QUICK REVIEW

[논문 리뷰] UniFinEval: Towards Unified Evaluation of Financial Multimodal Models across Text, Images and Videos

Zhi Yang, Lingfeng Zeng|arXiv (Cornell University)|2026. 01. 09.

Stock Market Forecasting Methods인용 수 0

한 줄 요약

UniFinEval 은 텍스트, 이미지, 비디오를 포함한 다중모달 벤치마크를 수동으로 구성하고 중국어-영어 이중언어로 다섯 가지 핵심 시나리오에서 금융 MLLMs를 평가하며, 교차 모달 다중 호추론을 수행합니다. 제로샷 및 제로샷 CoT 설정에서 10개의 주류 모델을 비교하고 금융 전문가와의 남은 차이를 강조합니다.

ABSTRACT

Multimodal large language models are playing an increasingly significant role in empowering the financial domain, however, the challenges they face, such as multimodal and high-density information and cross-modal multi-hop reasoning, go beyond the evaluation scope of existing multimodal benchmarks. To address this gap, we propose UniFinEval, the first unified multimodal benchmark designed for high-information-density financial environments, covering text, images, and videos. UniFinEval systematically constructs five core financial scenarios grounded in real-world financial systems: Financial Statement Auditing, Company Fundamental Reasoning, Industry Trend Insights, Financial Risk Sensing, and Asset Allocation Analysis. We manually construct a high-quality dataset consisting of 3,767 question-answer pairs in both chinese and english and systematically evaluate 10 mainstream MLLMs under Zero-Shot and CoT settings. Results show that Gemini-3-pro-preview achieves the best overall performance, yet still exhibits a substantial gap compared to financial experts. Further error analysis reveals systematic deficiencies in current models. UniFinEval aims to provide a systematic assessment of MLLMs' capabilities in fine-grained, high-information-density financial environments, thereby enhancing the robustness of MLLMs applications in real-world financial scenarios. Data and code are available at https://github.com/aifinlab/UniFinEval.

연구 동기 및 목표

멀티모달 대형 언어 모델(MLLM)이 높은 정보밀도 금융 환경에서의 역량 경계를 평가한다.
실제 금융 워크플로우에 맞춘 통합된 교차 모달 벤치마크를 제공한다.
금융에서 교차모달 일관성과 다중 히프 추론의 평가를 가능하게 한다.
일반적 실패 모드를 식별하여 강 robust 금융 AI 배치를 안내한다.

제안 방법

3,767개 질문으로 구성된 중국어-영어 이중언어 데이터셋의 수동 구성.
다섯 가지 금융 시나리오: 재무제표 감사, 회사 기본 이론, 업계 동향 인사이트, 재무 위험 감지, 자산 배분 분석.
전체 모달리티 입력 지원: 텍스트, 이미지, 비디오 및 교차 모달 조합(텍스트-이미지, 텍스트-비디오, 이미지-비디오, 텍스트-이미지-비디오).
두 가지 평가 설정: 제로샷 및 제로샷 코트, 강건한 판단을 위한 Qwen-Max으로 출력 추출 표준화.
현실 세계 금융 로직에 맞추기 위한 4단계 검증의 전문가 주도 품질 관리.
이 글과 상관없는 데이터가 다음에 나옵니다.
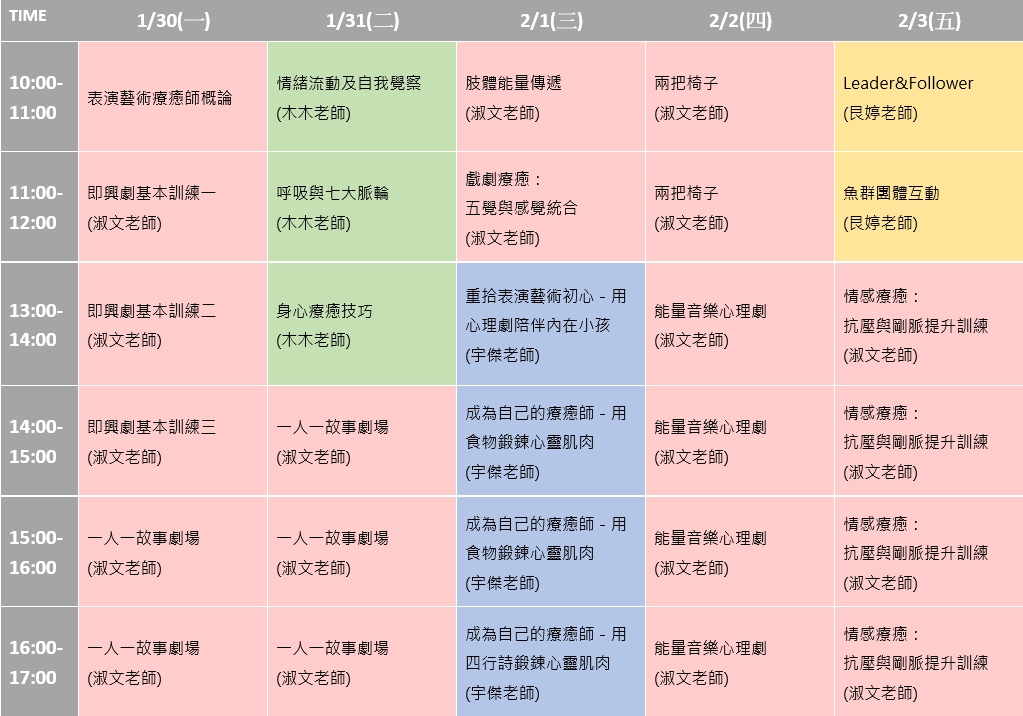3.課堂實習:學員課後需完成40小時課程實習,並完成表演藝術療癒師課程作業。

Figure 1: UniFinEval is manually constructed and supports full-modality inputs including text, images, and videos. It is equipped with cross-modal reasoning capabilities and features high information density while closely aligning with real financial business practices.

실험 결과

연구 질문

RQ1현 시점의 MLLMs가 고정보밀도 금융 작업에서 통합된 교차모달 추론을 수행할 수 있는가?
RQ2지각, 추론, 의사결정 작업 전반에 걸쳐 기존 모델이 금융 전문가의 성과에 얼마나 근접하는가?
RQ3다중모달 금융 정보를 처리할 때 지배적인 오류 모드는 무엇인가?
RQ4Chain-of-Thought 프롬프트가 금융 특화 교차모달 작업의 성능에 미치는 영향은 무엇인가?
RQ5현 벤치마크가 현실 세계의 금융 의사결정 루프를 시뮬레이션하는 데 어떤 한계가 있는가?

주요 결과

Gemini-3-pro-preview 가 평균 73.8%의 Zero-Shot 전체 성능으로 최고를 기록했다.
대다수 모델은 CoT에서 향상되지만 과제 전반에 걸친 이득은 제한적이다.
사람(전문가)은 모든 모델을 크게 능가하며 ITI 및 AAA 시나리오에서 상당한 차이가 있다.
오류 분석은 이미지 인식 및 교차모달 정렬에 큰 문제를 보이고, 수치 계산 약점도 뚜렷하다.
모델은 고정보밀도 작업에서 교차모달 다중 히프 추론 및 장기적 논리 일관성 유지에 어려움을 겪는다.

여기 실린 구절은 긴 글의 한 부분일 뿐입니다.